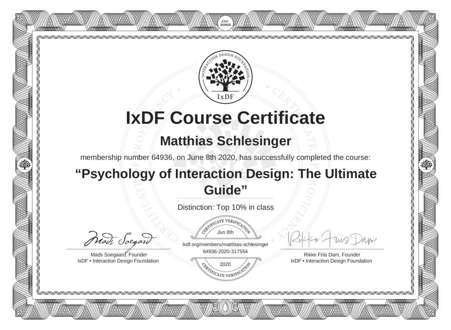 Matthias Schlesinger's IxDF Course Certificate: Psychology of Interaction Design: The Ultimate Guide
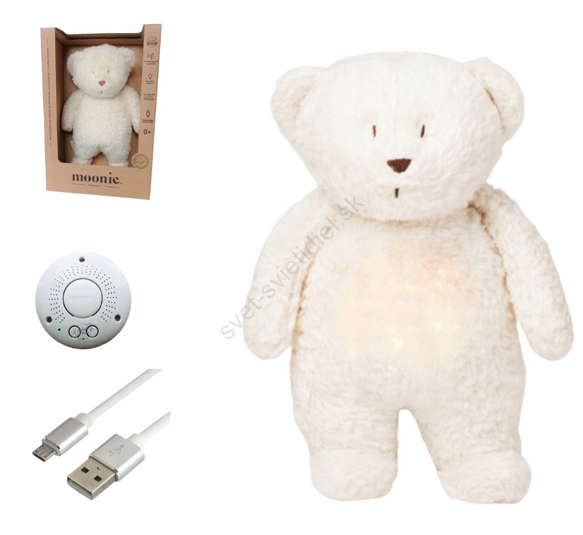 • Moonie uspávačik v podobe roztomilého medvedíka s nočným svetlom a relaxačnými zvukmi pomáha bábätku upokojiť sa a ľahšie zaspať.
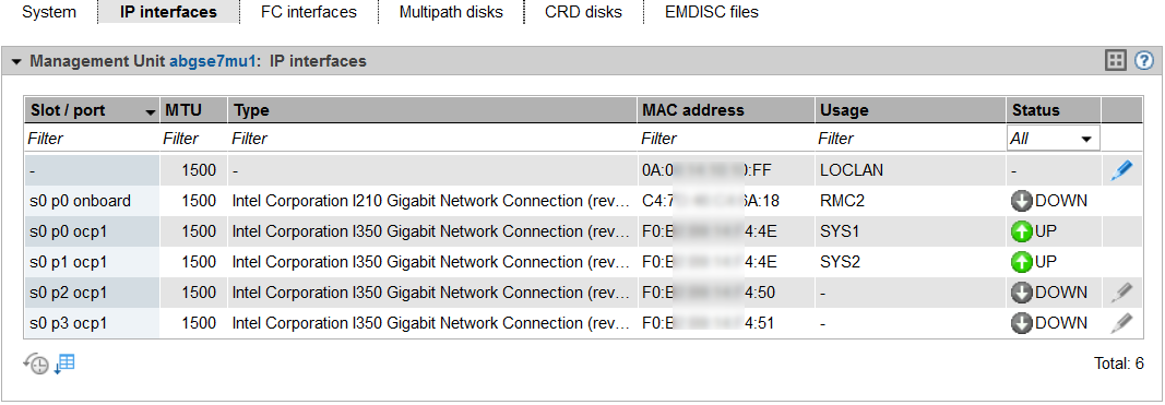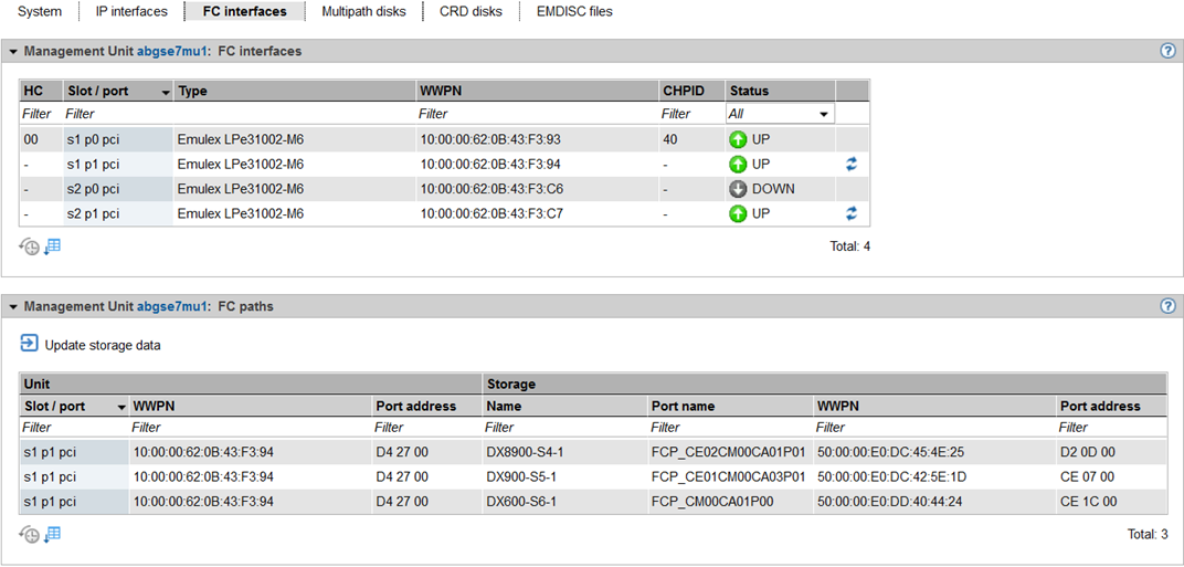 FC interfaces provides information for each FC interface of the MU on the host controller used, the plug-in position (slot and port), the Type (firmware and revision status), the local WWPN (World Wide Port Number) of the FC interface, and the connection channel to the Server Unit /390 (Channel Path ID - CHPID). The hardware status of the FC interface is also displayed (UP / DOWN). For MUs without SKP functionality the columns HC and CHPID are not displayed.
+++++
▶ What to do: The answer should consist of every line above, exact and free of images.

▶ Response below:
 Matthias Schlesinger's IxDF Course Certificate: Psychology of Interaction Design: The Ultimate Guide
 • Moonie uspávačik v podobe roztomilého medvedíka s nočným svetlom a relaxačnými zvukmi pomáha bábätku upokojiť sa a ľahšie zaspať.
 FC interfaces provides information for each FC interface of the MU on the host controller used, the plug-in position (slot and port), the Type (firmware and revision status), the local WWPN (World Wide Port Number) of the FC interface, and the connection channel to the Server Unit /390 (Channel Path ID - CHPID). The hardware status of the FC interface is also displayed (UP / DOWN). For MUs without SKP functionality the columns HC and CHPID are not displayed.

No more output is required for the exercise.